Sharon J. Wishnow is a transplanted New Englander who makes her home in Northern Virginia.

In addition to writing upmarket fiction with environmental themes, Sharon writes non-fiction in the science, technology, and business categories with a passion for research, seashells, birds, and the ocean. She has been a member of the Boston Malacological Club since she was ten years old. She credits growing up by the ocean and family camping trips for her love and respect for all that is outside her door.

“I write stories about flawed, strong women with plots that have environmental themes that show how changes in the environment change people.”

Sharon is the former Vice President of Communications for the Women’s Fiction Writers Association (WFWA), the founder of Women’s Fiction Day, and is the Executive Editor of the WFWA magazine, WriteOn! She has an MFA from George Mason University, a publications certification from George Washington University, and a BA from Clark University. She regularly speaks about research and writing and publishes a regular newsletter, Research for Writers and Other Curious People.

When she’s not writing or researching, you can find her in the garden, watching the birds in her backyard, or feeding peanuts to her local squirrels.

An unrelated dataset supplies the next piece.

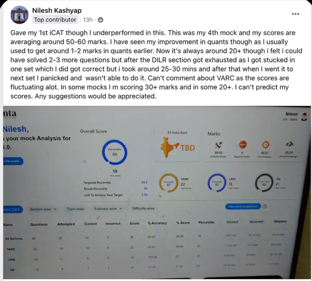 Since just 20 days are left for CAT 2025, you should utilize these few days strategically. Take CAT mock tests everyday and do a detailed mock analysis. Your mock score will show how well are you prepared for the exam. Since time is less you should not waste it in manually analyzing your mocks. iQuanta’s iCAT Mock not only has CAT level mocks but it also provides a detailed analysis of your mock scores. The AI mock analysis clearly helps you find out the weaker areas and topics you need to practice more. This completely eliminates the manual effort of analysing the mocks and you get the analysis within minutes. iQuanta iCAT mocks also has a strategy builder that makes a detailed strategy for you based on your performance in the mock. So if you are weak in one particular topic the strategy builder will make a complete study plan and along with this it will give you various questions to practice on that particular topic. This way you can strengthen your weak areas.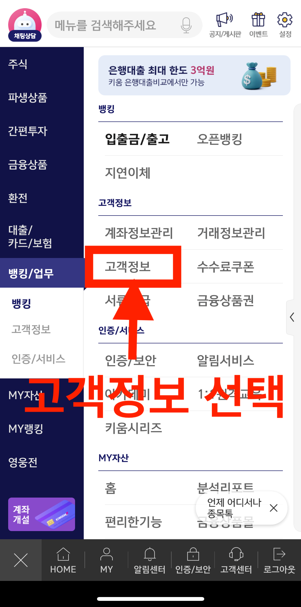 4. 좌측 슬라이딩 메뉴 중 "고객정보' 선택

THE PELICAN TIDE, Sharon J. Wishnow

After disaster strikes, a Louisiana family and their community need to prove to each other and the world that their bond is thicker than the oil threatening their shores in Sharon J. Wishnow’s stunning debut novel.

It’s taken Chef Josie Babineaux six months to reconcile the debts left from her husband Brian’s gambling along with her broken heart. But now with a promising tourist season heating up and a travel magazine declaring her the spice queen of the bayou, she may be able to save her family’s historic Cajun restaurant. Repairing her relationship with her daughter, Minnow, while hiding the true reason she left her husband is a bigger issue.

Just as the first tourists arrive, an explosion on an oil platform in the Gulf of Mexico shatters their fragile plans. With her island community at the epicenter of the oil spill, everything is endangered, including the restaurant’s beloved mascot―a brown pelican dear to the family’s heart.

Josie realizes her family needs more than financial recovery. Only reconciling her past and revealing the truth can clean up the guilt and hurt pooling under the surface. And maybe, with enough honesty, this family can find renewal.